Were you bleeding? she was asked.
“Yes, enormously. Looking down at the blood I was just shocked that much blood could come out of someone,” she said. “I was terrified that I was going to die. I did not know that I could be that injured and survive.”
She said she began to scream.
Her bone-chilling cries could be heard on a video played in court — the most graphic of many graphic images the jury has been shown.
‘Out-of-body experience’
Doctors were able to save Reny’s leg, but others weren’t so lucky.
Celeste Corcoran lost both legs, one below the knee and the other above the knee. An amputation above the knee is the most difficult injury to recover from, jurors have learned at this trial.
Corcoran was at the finish line, waiting for her sister to cross.
“And then our whole world just exploded,” she said. “I unfortunately remember every single detail.”
She remembers being knocked to the ground, hearing nothing and then screams, and seeing blood everywhere.

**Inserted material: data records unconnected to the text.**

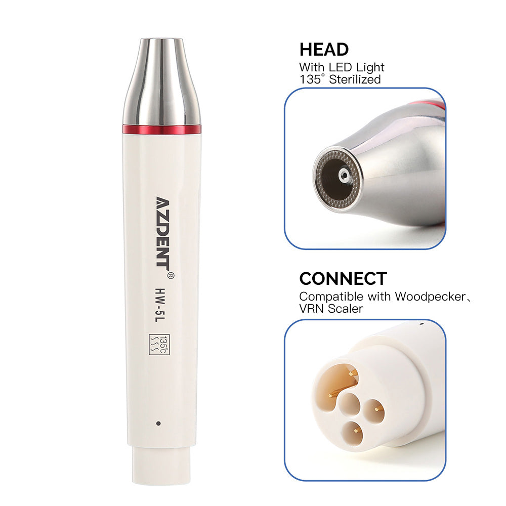 Dental LED Ultrasonic Scaler Piezo Handpiece HW-5L Upgraded. Compatible with Woodpecker, VRN Scaler. With upgraded LED light and metal. Body with anti-skid groove, more comfortable to hold. 135℃ High Temperature Sterilization.
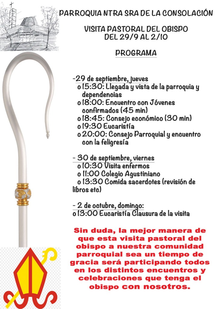Este jueves, 29 de septiembre, iniciará su visita pastoral nuestro arzobispo Carlos con lo cual es muy importante que todos los que podáis participéis de los actos preparados.
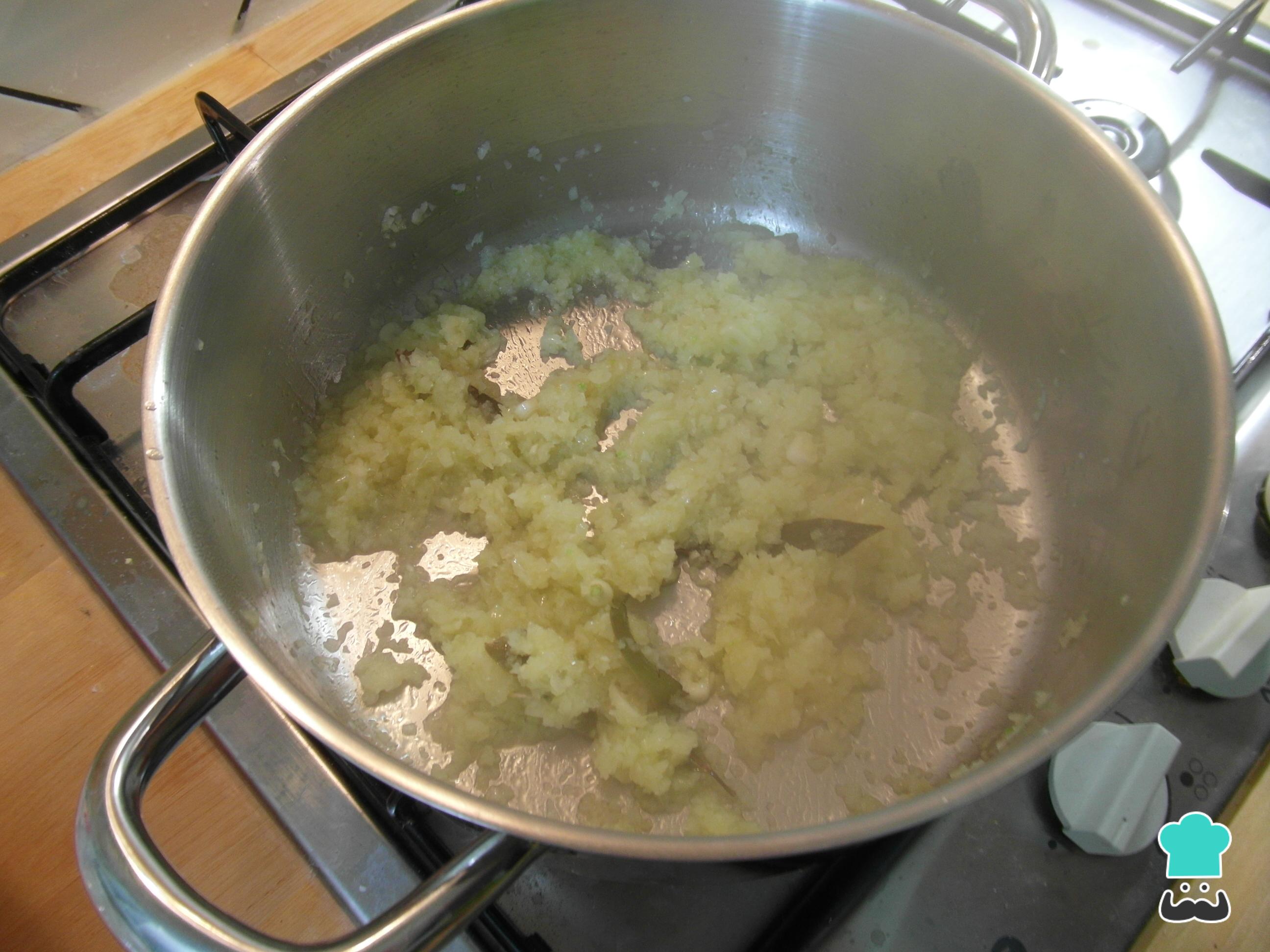 Em seguida, em uma panela de tamanho médio, refogue a cebola e o alho com um fio de azeite e acrescente o arroz. Refogue tudo junto até o arroz ficar ligeiramente transparente.

“It’s kind of hard to explain but I want to get it right for all of you to understand,” she told the jury. She said it was “a surreal, out-of-body experience.” She remembers thinking, “What was that?” and wishing she could turn back time by five minutes.
Her husband bent over her and told her it was a terrorist attack. By then, she began to feel pain worse than anything she had imagined. She wondered if she would die.

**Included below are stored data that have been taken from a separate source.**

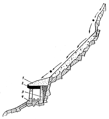 Рис.25. Схема противообвальнойгалереи: 1 - амортизирующая отсыпка; 2 - перекрытие; 3 - нагорная стена; 4 - низовая опора 6.13. Защитные противообвальные галереи следует размещать на обвальных участках железных, автомобильных и пешеходных дорог в случаях, когда устройство более простых противообвальных устройств и сооружений практически неосуществимо или экономически нецелесообразно [1]. При этом очаги обвала должны находиться на достаточном расстоянии от галерей, исключающем возможность прямого падения на их кровлю скальных обломков (рис. 25). 6.14. Для уменьшения динамического воздействия скальных обломков на противообвальные улавливающие стены и галереи необходимо устраивать амортизирующие грунтовые отсыпки. В улавливающих сетях с этой целью рекомендуется устраивать дублирующие оттяжки. Улавливающие сооружения6.15. Проектирование противообвальных улавливающих стен должно включать определение габаритных размеров сооружений, а также расчет их на прочность и устойчивость [2, 63]. 6.16. Габаритные размеры улавливающих устройств и сооружений следует назначать из условия исключения возможности перелета и выскакивания скальных обломков, падающих со склона. Габаритные размеры стен следует определять расчетом на перелет, выкатывание и подскакивание скальных обломков. Расчетом наперелет определяются высота стен и их месторасположение. Расчетом на выкатывание и подскакивание устанавливается необходимая глубина застенных пазух, при которой исключается возможность попадания скальных обломков на защищаемый объект. 6.17. Прочность и устойчивость конструкций улавливающих устройств и сооружений следует проверять на статическую нагрузку от амортизирующей отсыпки и обвальных масс, а также на удар скальных обломков. 6.18. Проектирование противообвальных улавливающих стен должно выполняться в такой последовательности: - определение расчетной, скорости падающих скальных обломков в зоне расположения сооружения; - установление расчетной величины падающих обломков; - определение габаритных размеров стен; - расчет на статическую нагрузку основных размеров несущей конструкции сооружения; - проверка несущей конструкции сооружения на динамическую нагрузку от удара скальных обломков. 6.19. Расчетную скорость падающих обломков рекомендуется определять в зависимости от типа поперечногопрофиля нагорного откоса или склона (приложение 11 [2]). Расчетная скорость может быть также определена па ЭВМ [67] (приложение 12). 6.20. Расчетная величина скальных обломков определяется на основании статистических характеристик распределения их фактической крупности по многолетним наблюдениям за падением обломков скальных грунтов в пределах защищаемого участка. При отсутствии многолетних наблюдений за падением скальных обломков их расчетная величина может определяться в зависимости от потенциальной блочности скальных грунтов [68], слагающих откос или склон (приложение 13), и уточняться путем опытного их сбрасынания с нагорного откоса (склона) по направлению эксплуатируемого или проектируемого объекта. Расчет может произподиться также на ЭВМ (см. приложение 12). 6.21. Габаритные размеры противообвальных улавливающих стен рекомендуется определять по таблицам и графикам [63] в соответствии с методикой, приведенной в приложении 14. 6.22. Расчет противообвальных защ
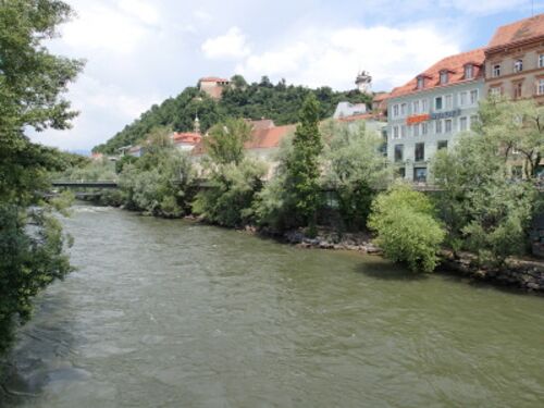 さて、旅行の最終日。 ウィーンから700km離れたイタリアの我が家に車で戻ります。 でも、ちょっと寄り道。 まずは、ウィーンから200km離れた『オーストリアの古都グラーツ』へ。 町を見下ろす丘の上にお城が建っていて 涼し気な川が流れていて、 城下に…
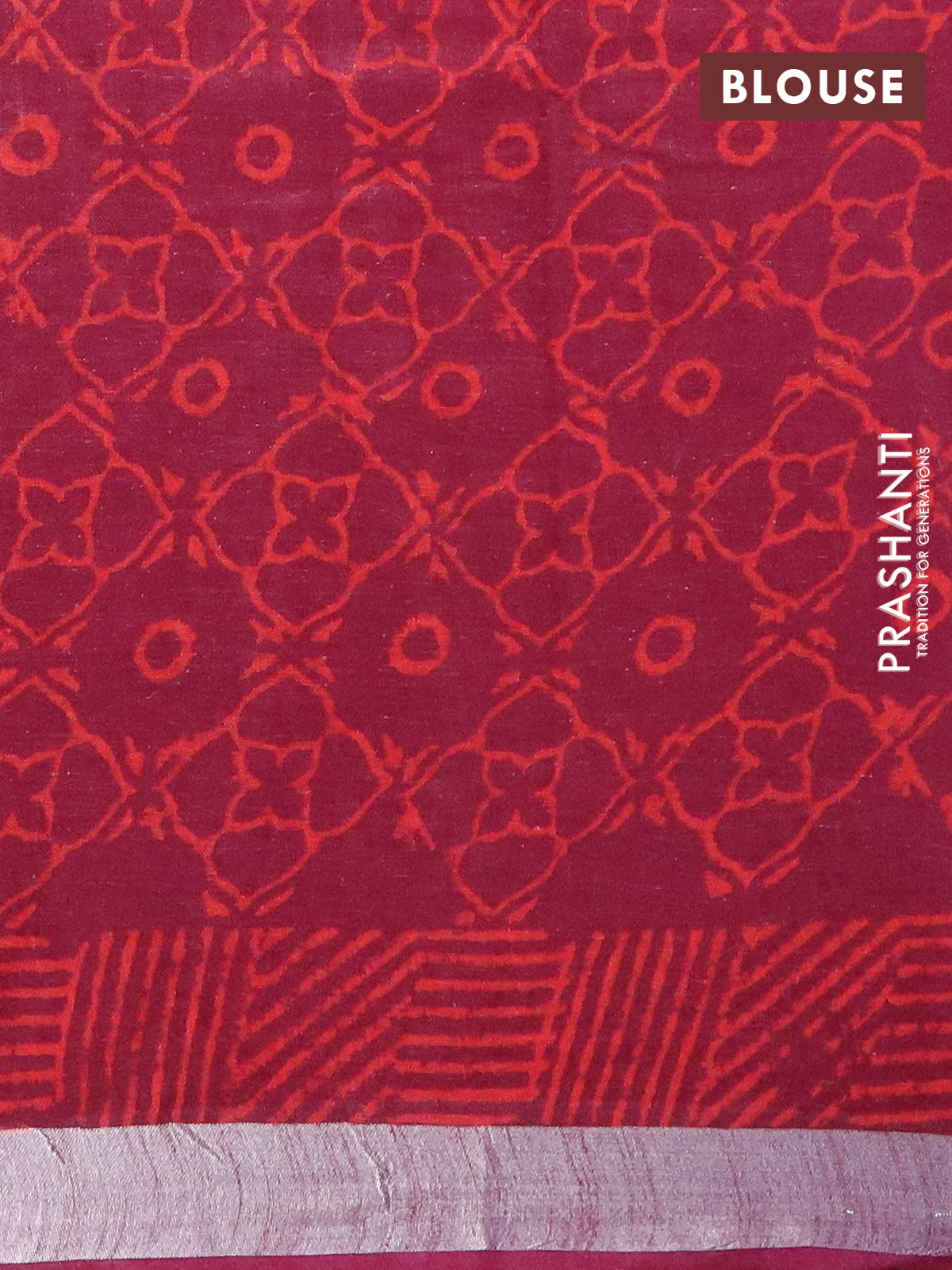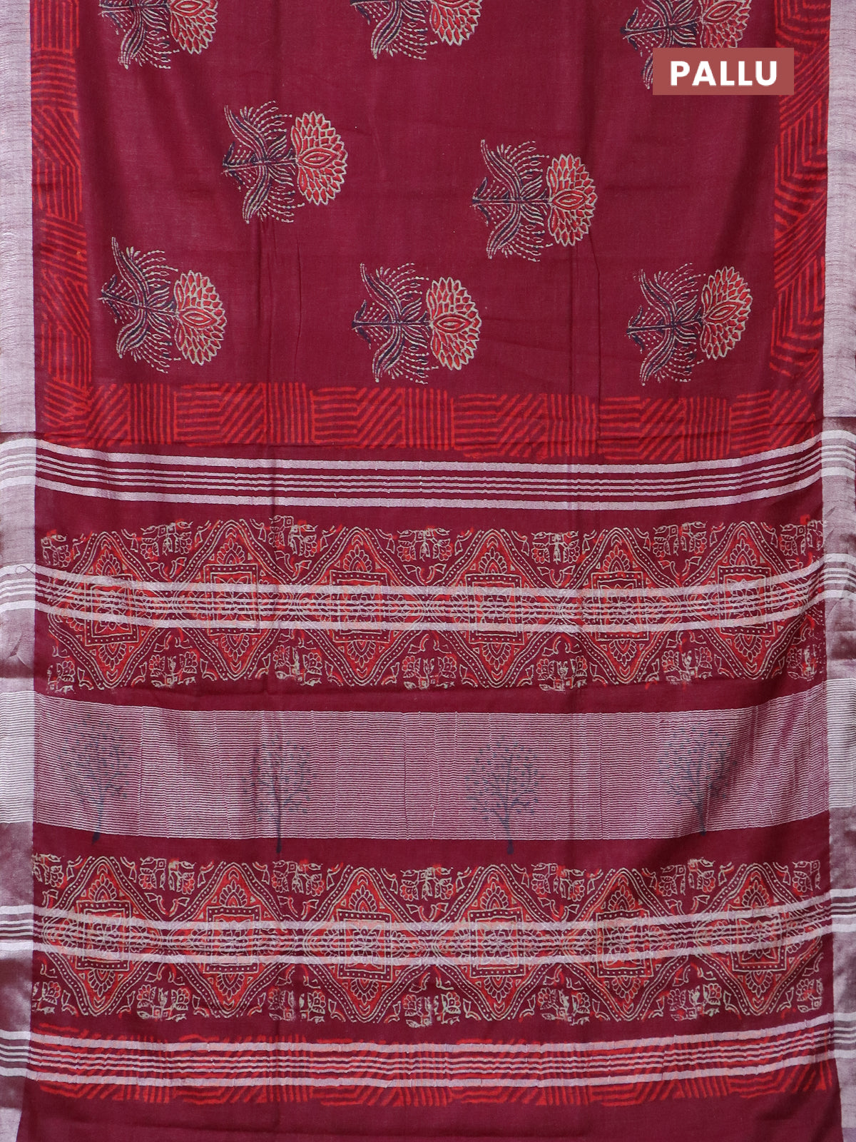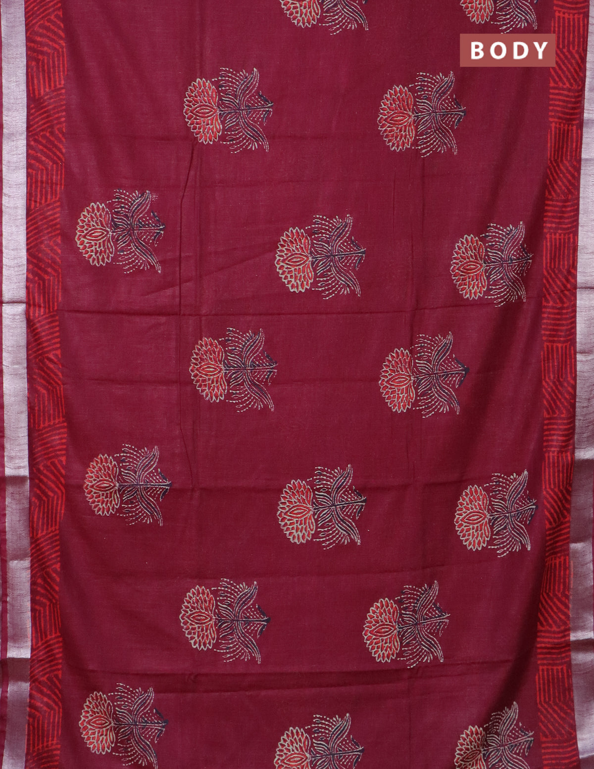 Linen cotton saree maroon with floral butta prints and silver zari woven border

“It hurt too much. I just didn’t care,” she said. “I remember thinking I was going to die, that no one could go through that much pain. I knew it was very bad and I was thinking, ‘Is this it? Am I going to die?’ I remember thinking I wanted to die. The pain was too much. I wanted to die.”
And then, she said, “the mom in me” took over. She remembers telling herself: ” ‘Hell no, I don’t want to die. I have too much living to do. Don’t let this be the end. This can’t be the end.'”

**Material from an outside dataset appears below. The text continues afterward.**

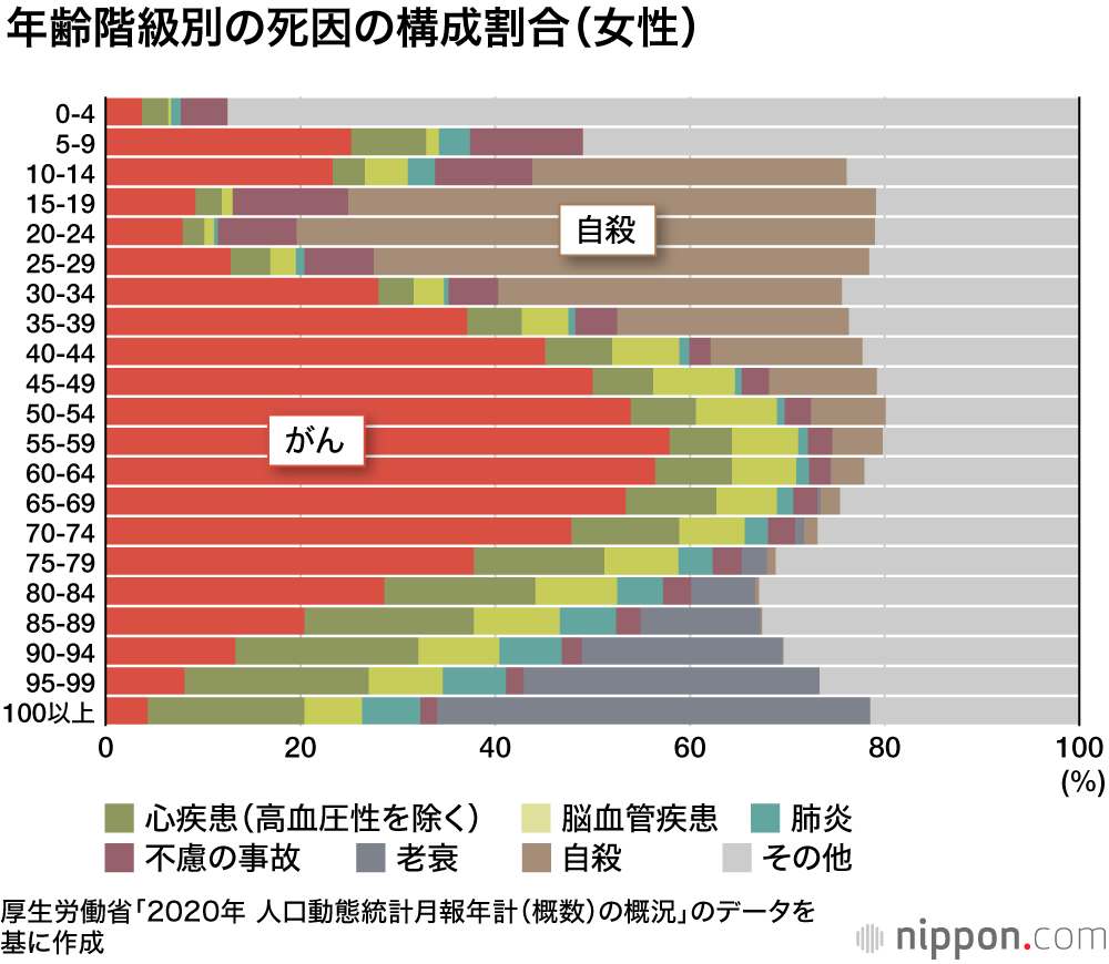10代から30代にかけては自殺の割合が大きく、40代以降になるとガンが増えてきます。

She remembers feeling relief once she arrived at the hospital, even as she signed the form authorizing doctors to take both her legs.
“Can I get on with my life? Absolutely,” she said.
But she can never forget she’s a double amputee.
“There’s always a level of discomfort. Right now I’m not comfortable,” she said from the witness stand. “The bottoms of my limbs, there’s this constant numb burning sensation. The only way I can describe it is it’s like you have the worst athlete’s foot in my life.”
Sometimes, she feels a stabbing sensation where her toes and calves used to be.
“You don’t realize until you’re a double amputee how many dips and hills and inclines there are,” she said. “Inclines are very hard.”
Daily life is literally an uphill battle.